YOUR GOAL - Locate and copy each line in the data that contains the word "This".

EXERCISE DATA -
-----

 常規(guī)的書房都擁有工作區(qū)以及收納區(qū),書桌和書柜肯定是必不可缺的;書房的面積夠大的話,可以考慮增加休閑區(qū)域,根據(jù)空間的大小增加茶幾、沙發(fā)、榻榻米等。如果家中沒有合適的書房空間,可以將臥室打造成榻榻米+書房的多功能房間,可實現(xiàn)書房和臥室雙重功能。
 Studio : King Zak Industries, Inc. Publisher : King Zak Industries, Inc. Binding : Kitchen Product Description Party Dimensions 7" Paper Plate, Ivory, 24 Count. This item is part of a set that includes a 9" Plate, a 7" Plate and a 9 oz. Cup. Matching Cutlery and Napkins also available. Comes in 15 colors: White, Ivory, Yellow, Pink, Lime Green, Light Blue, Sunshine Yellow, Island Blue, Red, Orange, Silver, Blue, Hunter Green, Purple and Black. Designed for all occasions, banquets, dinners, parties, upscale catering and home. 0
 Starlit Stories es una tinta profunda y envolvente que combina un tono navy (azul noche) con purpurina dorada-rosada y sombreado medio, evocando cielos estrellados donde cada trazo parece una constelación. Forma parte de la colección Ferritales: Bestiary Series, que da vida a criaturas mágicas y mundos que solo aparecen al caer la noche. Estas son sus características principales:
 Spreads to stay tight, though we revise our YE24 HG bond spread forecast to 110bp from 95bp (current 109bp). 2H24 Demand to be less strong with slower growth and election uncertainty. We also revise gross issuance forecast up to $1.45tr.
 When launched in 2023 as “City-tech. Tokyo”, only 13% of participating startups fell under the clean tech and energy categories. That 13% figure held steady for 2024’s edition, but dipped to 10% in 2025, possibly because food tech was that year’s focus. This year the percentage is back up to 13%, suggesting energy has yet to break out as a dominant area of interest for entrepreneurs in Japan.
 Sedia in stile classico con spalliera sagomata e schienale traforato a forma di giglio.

-----

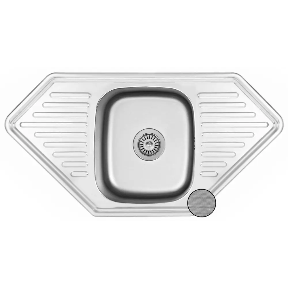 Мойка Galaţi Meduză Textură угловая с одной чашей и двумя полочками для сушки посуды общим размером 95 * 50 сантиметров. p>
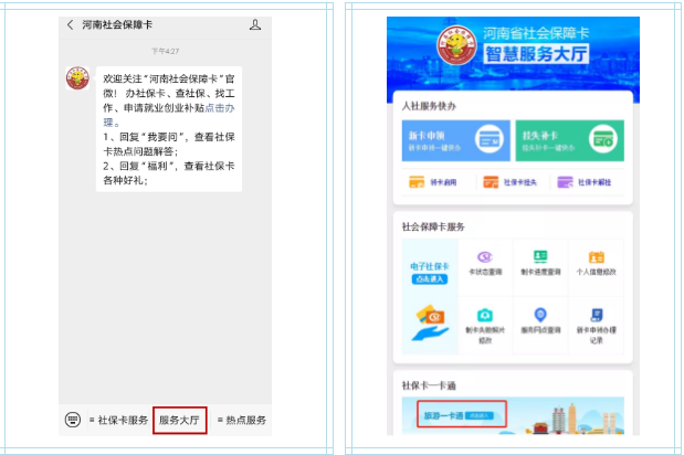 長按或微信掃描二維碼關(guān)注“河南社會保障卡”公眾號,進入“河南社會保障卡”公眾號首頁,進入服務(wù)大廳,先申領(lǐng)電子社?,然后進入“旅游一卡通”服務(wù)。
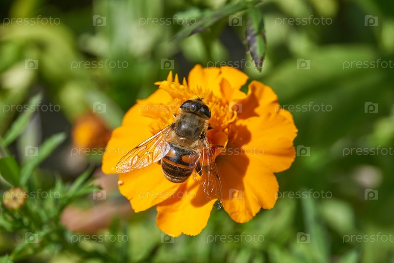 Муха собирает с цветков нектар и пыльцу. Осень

-----

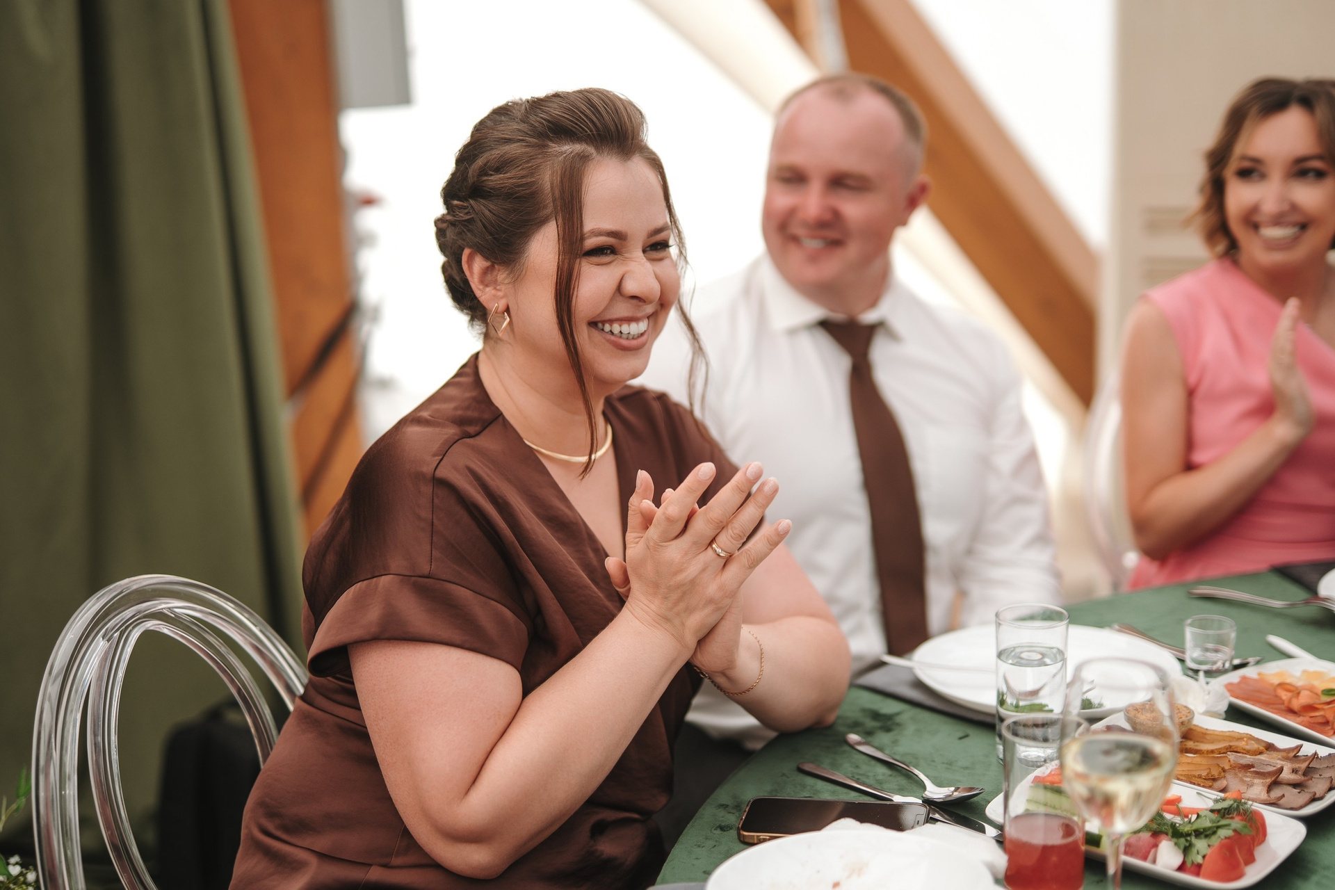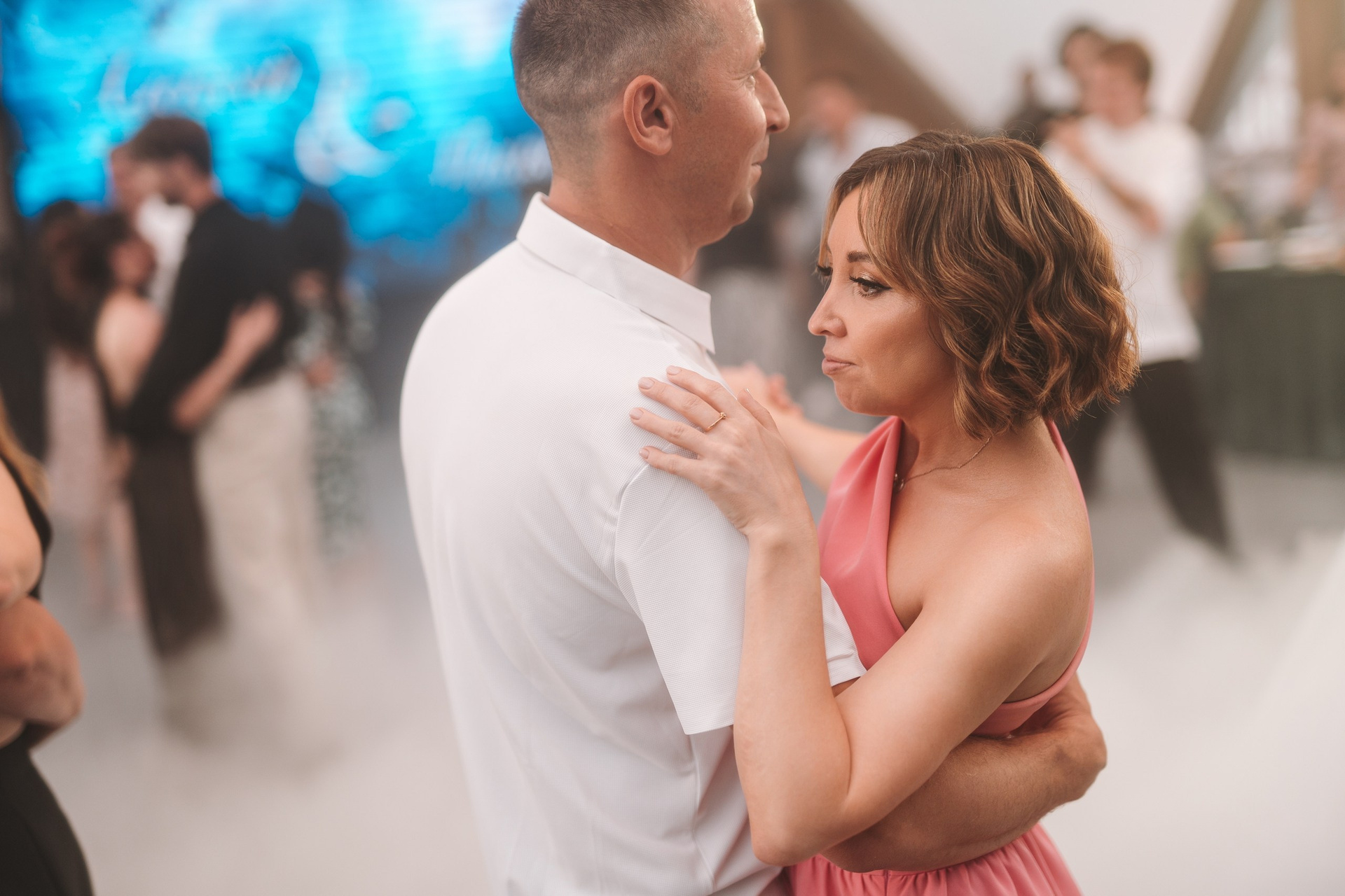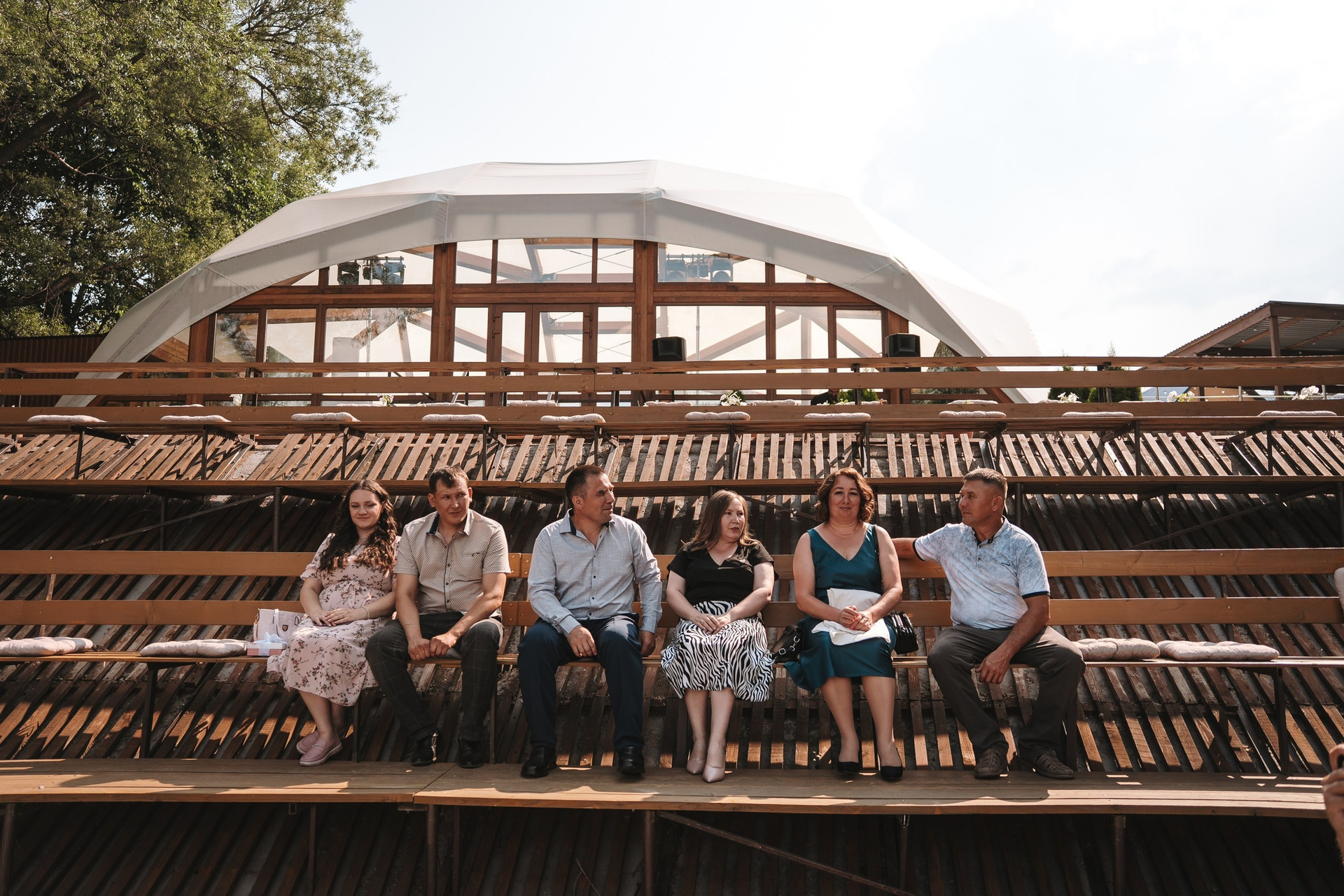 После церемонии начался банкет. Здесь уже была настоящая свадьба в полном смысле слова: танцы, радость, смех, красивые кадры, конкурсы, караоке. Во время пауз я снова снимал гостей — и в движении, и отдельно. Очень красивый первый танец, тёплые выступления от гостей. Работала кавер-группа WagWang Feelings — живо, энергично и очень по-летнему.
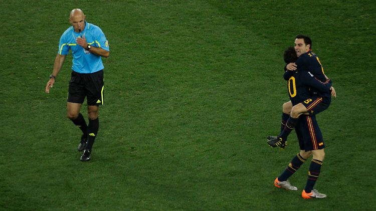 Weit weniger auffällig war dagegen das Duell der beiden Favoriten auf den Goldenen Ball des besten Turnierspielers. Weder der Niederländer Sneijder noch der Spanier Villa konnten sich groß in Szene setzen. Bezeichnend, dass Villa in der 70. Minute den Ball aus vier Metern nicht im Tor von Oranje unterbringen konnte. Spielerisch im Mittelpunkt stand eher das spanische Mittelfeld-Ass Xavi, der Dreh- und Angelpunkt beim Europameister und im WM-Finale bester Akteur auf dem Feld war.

-----

EXERCISE SOLUTION -
 Studio : King Zak Industries, Inc. Publisher : King Zak Industries, Inc. Binding : Kitchen Product Description Party Dimensions 7" Paper Plate, Ivory, 24 Count. This item is part of a set that includes a 9" Plate, a 7" Plate and a 9 oz. Cup. Matching Cutlery and Napkins also available. Comes in 15 colors: White, Ivory, Yellow, Pink, Lime Green, Light Blue, Sunshine Yellow, Island Blue, Red, Orange, Silver, Blue, Hunter Green, Purple and Black. Designed for all occasions, banquets, dinners, parties, upscale catering and home. 0
 When launched in 2023 as “City-tech. Tokyo”, only 13% of participating startups fell under the clean tech and energy categories. That 13% figure held steady for 2024’s edition, but dipped to 10% in 2025, possibly because food tech was that year’s focus. This year the percentage is back up to 13%, suggesting energy has yet to break out as a dominant area of interest for entrepreneurs in Japan.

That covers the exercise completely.